The Tata Motors plant at Sanand, where the Rs 1-lakh car once used to line up, ready to be shipped to different parts of the country. (File Photo)
It is difficult to spot a Tata Nano in the parking bay at the backyard of the Tata Motors plant at Sanand where once the Rs 1-lakh car used to line up ready to be shipped to different parts of the country. The Nanos of different hues have mostly been replaced by Tiagos and Tigors now.
The plant is currently operating at 100 per cent of its capacity of 2.5 lakh cars. However, in June, only one Nano was manufactured at the factory which has shifted its focus to manufacturing hatchbacks, sedans and the more modern electric vehicles. “This parking lot once used to be full of Tata Nanos. Today other brands have taken over and we transport more than 500-600 cars that roll out of this plant every day,” said an employee of one of the logistic firms stationed at Sanand for providing transportation facilities to the automobile manufacturer.
Compared to the one Nano manufactured in June, 275 units were produced during the same month in 2017. Tata Motors sold just three Nanos in June, compared to 167 units during the same period in 2017. However, the company said it will continue to be produced at Sanand plant till a decision to continue the model beyond 2019 is arrived at.
“The hatchback segment is very important to us and the regulations and customer preferences are going to play a major role in defining various sub-segments within this segment. We already have a well-defined passenger vehicle strategy in place that will look at not only the best way of addressing the segments’ requirements but also an overall perspective of portfolio. We are well aware that the Nano in its present form cannot continue beyond 2019 and may need fresh investments to survive. No decision has been made yet in this regard.
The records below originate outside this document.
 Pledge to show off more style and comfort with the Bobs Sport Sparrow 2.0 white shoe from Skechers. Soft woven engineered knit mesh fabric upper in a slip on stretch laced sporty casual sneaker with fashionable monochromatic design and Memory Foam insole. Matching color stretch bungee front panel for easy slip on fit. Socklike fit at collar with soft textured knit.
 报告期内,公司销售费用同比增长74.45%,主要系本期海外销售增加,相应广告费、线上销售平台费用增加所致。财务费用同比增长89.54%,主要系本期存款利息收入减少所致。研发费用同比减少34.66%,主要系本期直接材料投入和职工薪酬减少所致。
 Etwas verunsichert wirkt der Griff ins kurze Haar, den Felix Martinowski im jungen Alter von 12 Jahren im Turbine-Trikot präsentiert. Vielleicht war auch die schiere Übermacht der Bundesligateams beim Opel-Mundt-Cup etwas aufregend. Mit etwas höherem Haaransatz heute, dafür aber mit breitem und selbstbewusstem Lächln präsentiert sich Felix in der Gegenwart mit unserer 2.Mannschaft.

Meanwhile, we continue to produce Nano catering to customer demand in key markets,” said a spokesperson of Tata Motors when quizzed about the future of the Tata Nano.
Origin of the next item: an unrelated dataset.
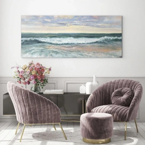 Impression sur verre - Image sur verre - Un tableau représentant des vagues s'écrasant sur le rivage - 50x70cm - Ici tu adouciras ton âme - Décoration murale moderne pour le salon et la chambre ARTTOR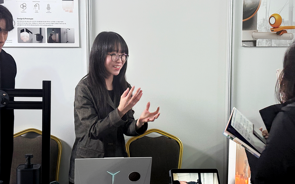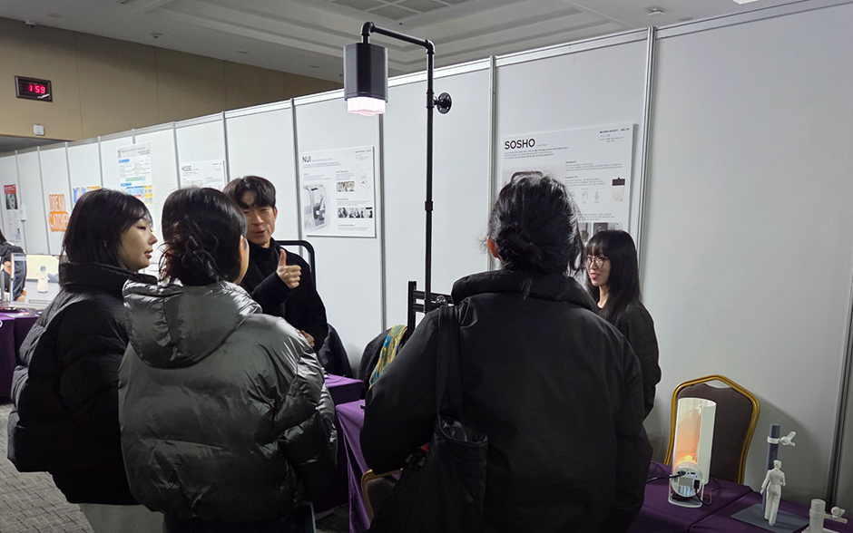 저희 팀은 이미지 스키마에 기반한 피지컬 인터랙티브 조명 디자인을 통해, 시각적 색온도 경험으로 사회적 온기를 전달할 수 있는 조명 디자인을 제안하였습니다. 전시 기간 동안 SOSHO의 프로토타입을 설치하여 관객들이 직접 핸들을 돌려보며 빛을 조작하는 경험을 제공하였고 디자인에 담긴 인지 심리학 이론과 실험 과정, 그리고 프로젝트의 의의를 설명하며 작품을 선보였습니다. 이 과정에서 관람객들과 소통하며 연구를 발전시킬 수 있는 귀중한 피드백을 얻을 수 있었습니다. 특히 통계적 유의성 확보를 위해 실험 보상의 가치를 상향 조정해볼 필요가 있다는 조언과, 실제 샤워기에 해당 조명을 접목하여 실용성을 강화해 보라는 제안이 인상적이었습니다. 향후 연구 방향에 대한 아이디어를 나눌 수 있어 뜻깊은 시간이었습니다.

The plant that began with 2,400 employees currently has a workforce of about 4500 who work in two shifts.
The production of Tiago started in 2016, while that of Tigor began in 2017. In the recent past, the plant has also been remodelled to produce the Tigor-EV which is the electric variant of the compact sedan. In January 2018, the company rolled out the first batch of electric vehicles from the Sanand facility in the presence of Tata Group patriarch Ratan Tata. The company has an order to deliver 250 Tigor EVs to state-run Energy Efficiency Services Ltd (EESL) and all of it is being made at Sanand.
The Tata Nano project made Sanand its home in 2008 after shifting its base from Singur in West Bengal due to protests against land acquisition. Set up on 1100 acres with an investment of Rs 2000 crore, the Sanand facility has produced about 12 different variants of Tata Nano in about eight colours.
The facility continues to make engines for Tata Nano and also manufacturers petrol and diesel engines for different variants of Tiago and Tigor. It also manufactures petrol engines of the latest SUV from the Tata stable, Nexon.
The adjoining Tata Motors vendor park currently houses over 25 ancillary units that supply various components of the Tata Motors facility. However, this is a far cry from the 41 vendors to whom plots were alloted when Tata Nano first began operations in June 2010.
The changes in the company’s strategy for the Sanand plant can be traced back to June 2014, when Tata Motors began contemplating on producing other models at this facility near Ahmedabad. The same year, the plant was shut down for 40 days for “routine maintenance”. During this period, pile-up of unsold inventory had forced the Sanand facility to operate at just five per cent of it’s annual capacity.
In an interview to The Indian Express in May 2015, the then Chief Secretary D J Pandian went public about the idle capacity at the plant and asked the company to manufacture something else after submitting a fresh proposal. A flash strike by over 400 workers demanding better wages and formation of an union threatened to disrupt operations at the plant in February 2016. Though the issue was resolved, fortunes of the Nano model failed to look up.